MEDIUM Hook handler uses execSync with unsanitized interpolated path -12

The suggested hook handler constructs a shell execution path via template literal from event.context.workspaceDir without sanitization. If the workspace directory contains shell metacharacters, this could result in command injection when the hook fires.

LOW Personal script incorrectly published to shared marketplace -25

The skill is non-functional as shipped for all users other than 'kevin'. This strongly suggests it is a personal script extracted from a personal environment without proper generalization, raising questions about the author's intent and quality control for the marketplace submission.

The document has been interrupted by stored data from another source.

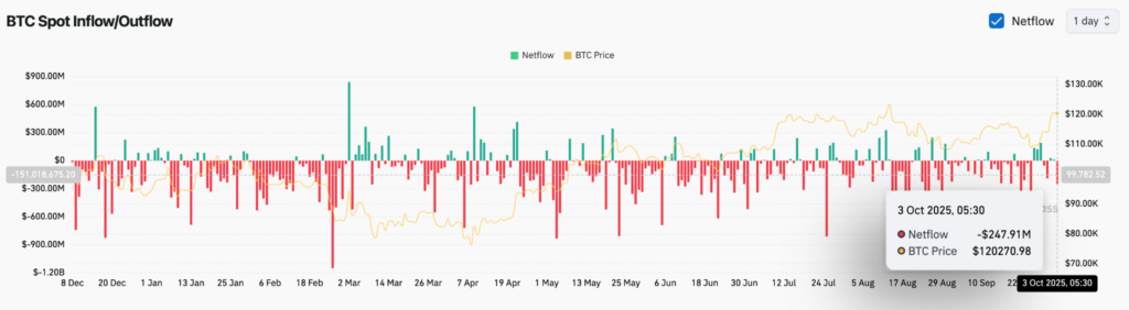 Les données on-chain montrent qu’il y a eu près de 248 millions de dollars de sorties ce jeudi, signe que les traders déplacent leurs pièces vers des portefeuilles à clé privée.
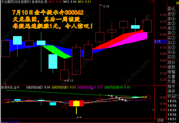 7月10日金牛指标发介入300063天龙集团的信号,其后一周该股每股飙涨1元!收益达到10%收盘
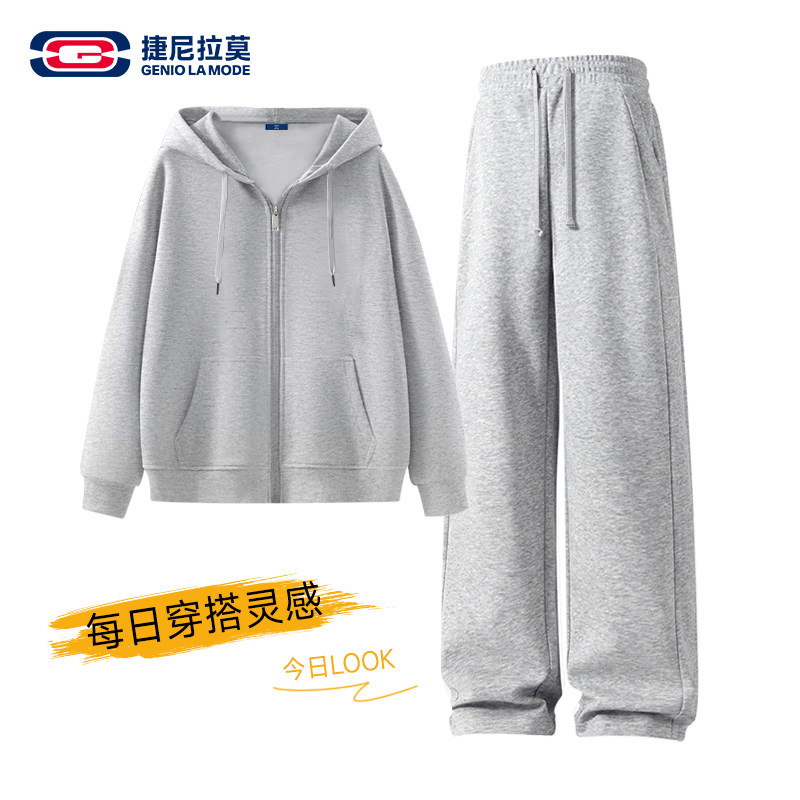 【敖瑞鹏代言】捷尼拉莫连帽开衫卫衣女款外套秋季灰色休闲裤套装
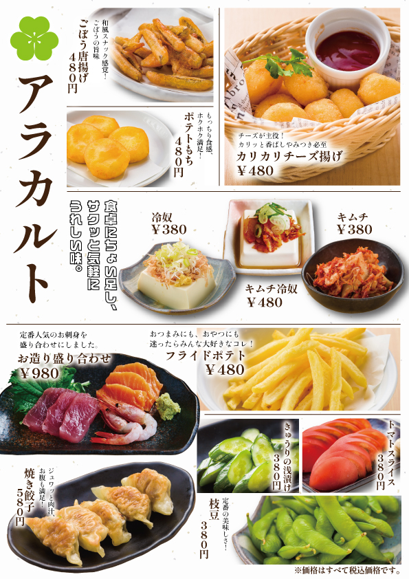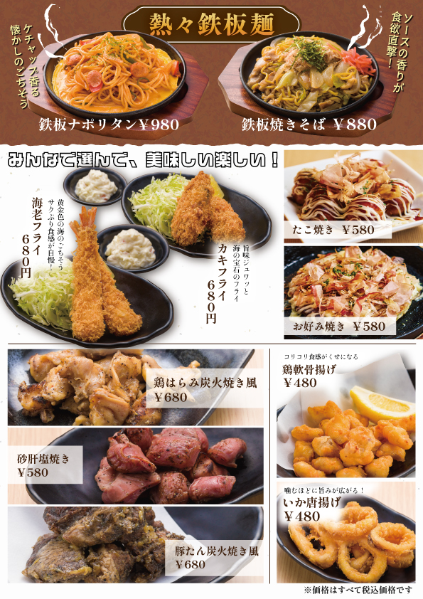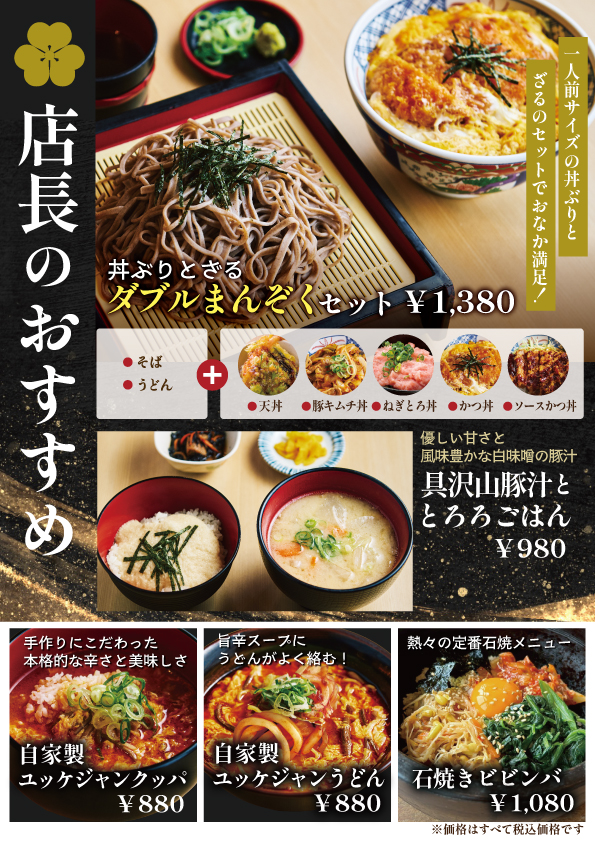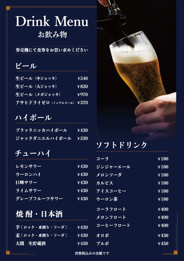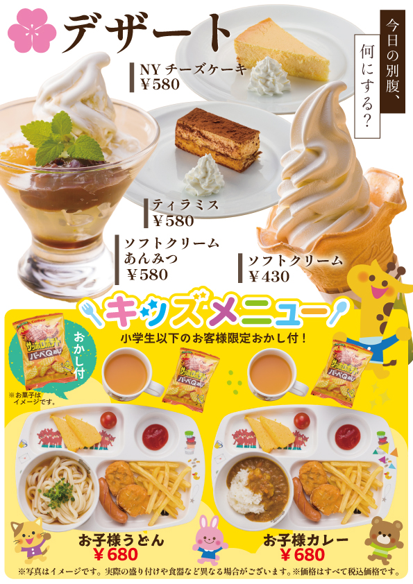 ※価格・メニューは予告なく変更する場合がございますので、館内のメニュー表をご確認の上ご利用下さい。

LOW Project directory structure persisted in agent memory -8

The skill writes directory names and .md filenames from ~/projects (up to 3 levels deep) into MEMORY.md on every invocation. This reveals the user's project organization, file naming conventions, and potentially sensitive project names in the agent's persistent context.

INFO Canary credential files accessed during monitoring window -15

Files .env, id_rsa, .aws/credentials, .npmrc, docker/config.json, and gcloud application_default_credentials.json were opened and accessed at 04:38:41 and 04:38:59. Timing and process context indicate these accesses originate from audit infrastructure SSH/PAM authentication and post-install canary verification, not from skill code. All files remain intact with no exfiltration detected.